_Assignment:_ Please give the entries again in full and exactly, without any picture.

_Data shown:_
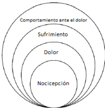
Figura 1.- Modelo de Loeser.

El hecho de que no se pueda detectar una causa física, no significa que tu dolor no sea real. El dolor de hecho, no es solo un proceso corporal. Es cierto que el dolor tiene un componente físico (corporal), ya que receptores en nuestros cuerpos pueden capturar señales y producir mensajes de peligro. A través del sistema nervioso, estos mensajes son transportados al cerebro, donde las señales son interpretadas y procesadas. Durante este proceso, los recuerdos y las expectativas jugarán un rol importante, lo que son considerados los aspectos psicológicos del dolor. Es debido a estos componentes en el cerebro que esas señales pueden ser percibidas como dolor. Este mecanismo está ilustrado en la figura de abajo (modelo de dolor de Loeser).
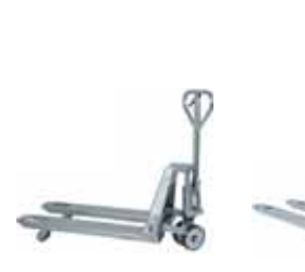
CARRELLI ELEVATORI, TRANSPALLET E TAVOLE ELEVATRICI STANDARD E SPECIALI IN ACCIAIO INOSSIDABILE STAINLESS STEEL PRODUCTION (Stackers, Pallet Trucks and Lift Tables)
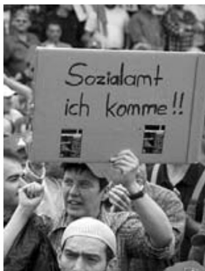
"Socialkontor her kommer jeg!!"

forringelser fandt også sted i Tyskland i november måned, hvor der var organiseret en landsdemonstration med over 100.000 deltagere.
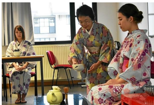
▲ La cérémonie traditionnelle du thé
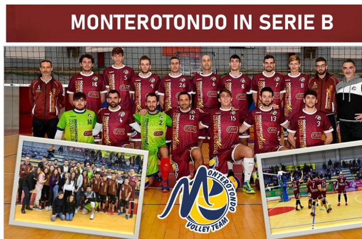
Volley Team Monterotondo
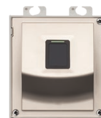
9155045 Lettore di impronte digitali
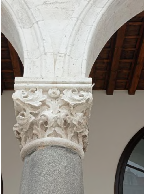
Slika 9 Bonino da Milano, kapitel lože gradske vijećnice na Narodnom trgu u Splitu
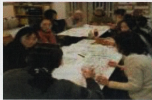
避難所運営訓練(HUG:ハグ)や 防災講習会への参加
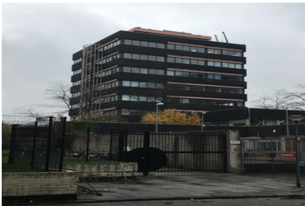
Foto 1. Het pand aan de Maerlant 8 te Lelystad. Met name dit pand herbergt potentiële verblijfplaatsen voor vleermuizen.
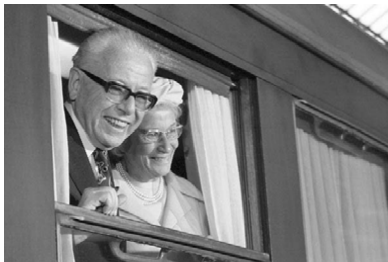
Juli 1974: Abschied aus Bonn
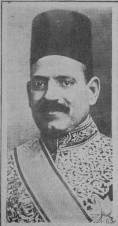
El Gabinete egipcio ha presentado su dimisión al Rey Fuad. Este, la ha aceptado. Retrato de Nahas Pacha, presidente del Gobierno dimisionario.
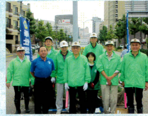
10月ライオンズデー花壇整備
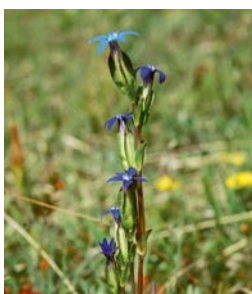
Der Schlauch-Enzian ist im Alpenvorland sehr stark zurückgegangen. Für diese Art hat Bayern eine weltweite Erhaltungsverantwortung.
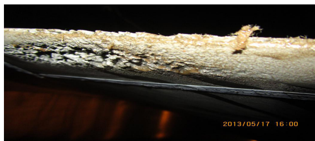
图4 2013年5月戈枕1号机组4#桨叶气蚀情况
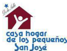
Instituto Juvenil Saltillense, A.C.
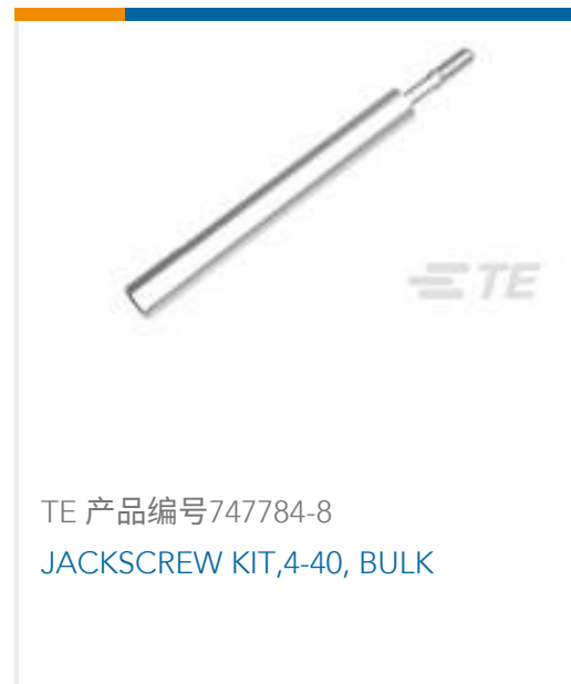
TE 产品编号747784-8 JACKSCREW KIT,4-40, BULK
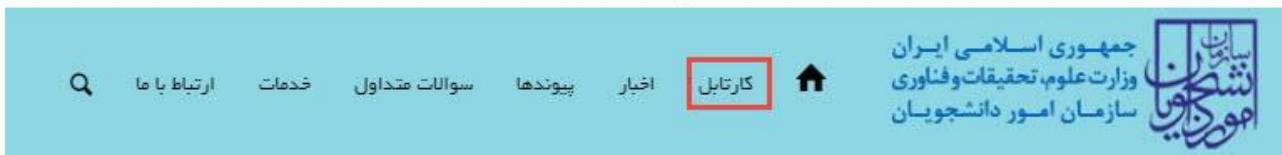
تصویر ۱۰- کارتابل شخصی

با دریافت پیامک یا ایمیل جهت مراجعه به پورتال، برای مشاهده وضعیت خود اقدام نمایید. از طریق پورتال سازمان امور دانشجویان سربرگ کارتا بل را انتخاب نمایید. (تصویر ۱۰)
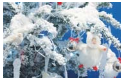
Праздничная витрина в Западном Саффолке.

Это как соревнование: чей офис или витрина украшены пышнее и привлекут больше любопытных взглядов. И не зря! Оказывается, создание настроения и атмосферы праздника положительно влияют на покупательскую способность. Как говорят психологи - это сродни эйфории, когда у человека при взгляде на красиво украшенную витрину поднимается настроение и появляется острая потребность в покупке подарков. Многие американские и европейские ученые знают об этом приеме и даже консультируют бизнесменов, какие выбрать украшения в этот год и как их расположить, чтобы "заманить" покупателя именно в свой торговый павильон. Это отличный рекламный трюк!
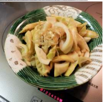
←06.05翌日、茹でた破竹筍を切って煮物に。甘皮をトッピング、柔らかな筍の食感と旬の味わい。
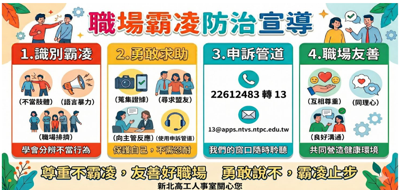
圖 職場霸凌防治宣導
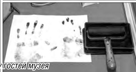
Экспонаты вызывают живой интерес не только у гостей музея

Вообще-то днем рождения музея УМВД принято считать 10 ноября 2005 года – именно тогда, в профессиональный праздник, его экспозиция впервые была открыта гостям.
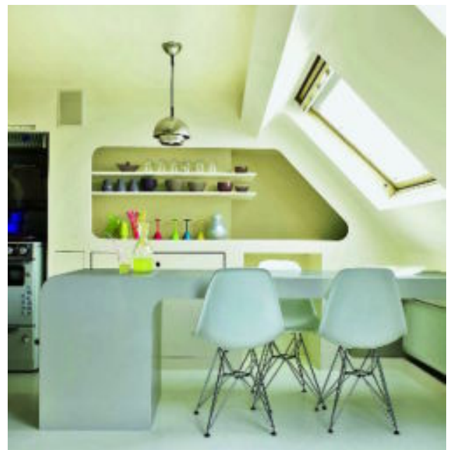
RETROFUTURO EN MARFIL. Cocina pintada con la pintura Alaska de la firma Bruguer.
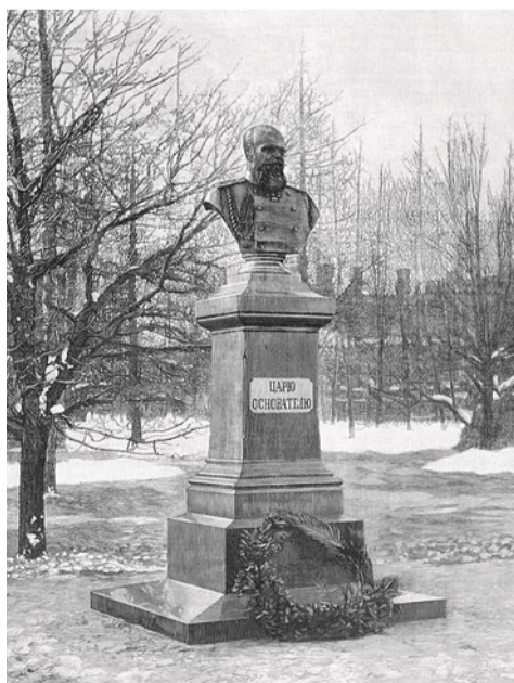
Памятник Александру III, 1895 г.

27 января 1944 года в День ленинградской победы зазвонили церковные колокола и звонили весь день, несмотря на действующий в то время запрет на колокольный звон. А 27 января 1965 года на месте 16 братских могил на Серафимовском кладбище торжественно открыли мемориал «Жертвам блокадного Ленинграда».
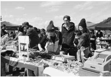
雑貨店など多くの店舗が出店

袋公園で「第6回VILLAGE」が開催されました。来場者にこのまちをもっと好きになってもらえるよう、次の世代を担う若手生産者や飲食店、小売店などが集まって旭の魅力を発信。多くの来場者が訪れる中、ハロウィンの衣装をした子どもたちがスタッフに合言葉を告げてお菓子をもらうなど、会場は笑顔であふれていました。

_Exercise solution:_
Figura 1.- Modelo de Loeser.

El hecho de que no se pueda detectar una causa física, no significa que tu dolor no sea real. El dolor de hecho, no es solo un proceso corporal. Es cierto que el dolor tiene un componente físico (corporal), ya que receptores en nuestros cuerpos pueden capturar señales y producir mensajes de peligro. A través del sistema nervioso, estos mensajes son transportados al cerebro, donde las señales son interpretadas y procesadas. Durante este proceso, los recuerdos y las expectativas jugarán un rol importante, lo que son considerados los aspectos psicológicos del dolor. Es debido a estos componentes en el cerebro que esas señales pueden ser percibidas como dolor. Este mecanismo está ilustrado en la figura de abajo (modelo de dolor de Loeser).
CARRELLI ELEVATORI, TRANSPALLET E TAVOLE ELEVATRICI STANDARD E SPECIALI IN ACCIAIO INOSSIDABILE STAINLESS STEEL PRODUCTION (Stackers, Pallet Trucks and Lift Tables)
"Socialkontor her kommer jeg!!"

forringelser fandt også sted i Tyskland i november måned, hvor der var organiseret en landsdemonstration med over 100.000 deltagere.
▲ La cérémonie traditionnelle du thé
Volley Team Monterotondo
9155045 Lettore di impronte digitali
Slika 9 Bonino da Milano, kapitel lože gradske vijećnice na Narodnom trgu u Splitu
避難所運営訓練(HUG:ハグ)や 防災講習会への参加
Foto 1. Het pand aan de Maerlant 8 te Lelystad. Met name dit pand herbergt potentiële verblijfplaatsen voor vleermuizen.
Juli 1974: Abschied aus Bonn
El Gabinete egipcio ha presentado su dimisión al Rey Fuad. Este, la ha aceptado. Retrato de Nahas Pacha, presidente del Gobierno dimisionario.
10月ライオンズデー花壇整備
Der Schlauch-Enzian ist im Alpenvorland sehr stark zurückgegangen. Für diese Art hat Bayern eine weltweite Erhaltungsverantwortung.
图4 2013年5月戈枕1号机组4#桨叶气蚀情况
Instituto Juvenil Saltillense, A.C.
TE 产品编号747784-8 JACKSCREW KIT,4-40, BULK
تصویر ۱۰- کارتابل شخصی

با دریافت پیامک یا ایمیل جهت مراجعه به پورتال، برای مشاهده وضعیت خود اقدام نمایید. از طریق پورتال سازمان امور دانشجویان سربرگ کارتا بل را انتخاب نمایید. (تصویر ۱۰)
Праздничная витрина в Западном Саффолке.

Это как соревнование: чей офис или витрина украшены пышнее и привлекут больше любопытных взглядов. И не зря! Оказывается, создание настроения и атмосферы праздника положительно влияют на покупательскую способность. Как говорят психологи - это сродни эйфории, когда у человека при взгляде на красиво украшенную витрину поднимается настроение и появляется острая потребность в покупке подарков. Многие американские и европейские ученые знают об этом приеме и даже консультируют бизнесменов, какие выбрать украшения в этот год и как их расположить, чтобы "заманить" покупателя именно в свой торговый павильон. Это отличный рекламный трюк!
←06.05翌日、茹でた破竹筍を切って煮物に。甘皮をトッピング、柔らかな筍の食感と旬の味わい。
圖 職場霸凌防治宣導
Экспонаты вызывают живой интерес не только у гостей музея

Вообще-то днем рождения музея УМВД принято считать 10 ноября 2005 года – именно тогда, в профессиональный праздник, его экспозиция впервые была открыта гостям.
RETROFUTURO EN MARFIL. Cocina pintada con la pintura Alaska de la firma Bruguer.
Памятник Александру III, 1895 г.

27 января 1944 года в День ленинградской победы зазвонили церковные колокола и звонили весь день, несмотря на действующий в то время запрет на колокольный звон. А 27 января 1965 года на месте 16 братских могил на Серафимовском кладбище торжественно открыли мемориал «Жертвам блокадного Ленинграда».
雑貨店など多くの店舗が出店

袋公園で「第6回VILLAGE」が開催されました。来場者にこのまちをもっと好きになってもらえるよう、次の世代を担う若手生産者や飲食店、小売店などが集まって旭の魅力を発信。多くの来場者が訪れる中、ハロウィンの衣装をした子どもたちがスタッフに合言葉を告げてお菓子をもらうなど、会場は笑顔であふれていました。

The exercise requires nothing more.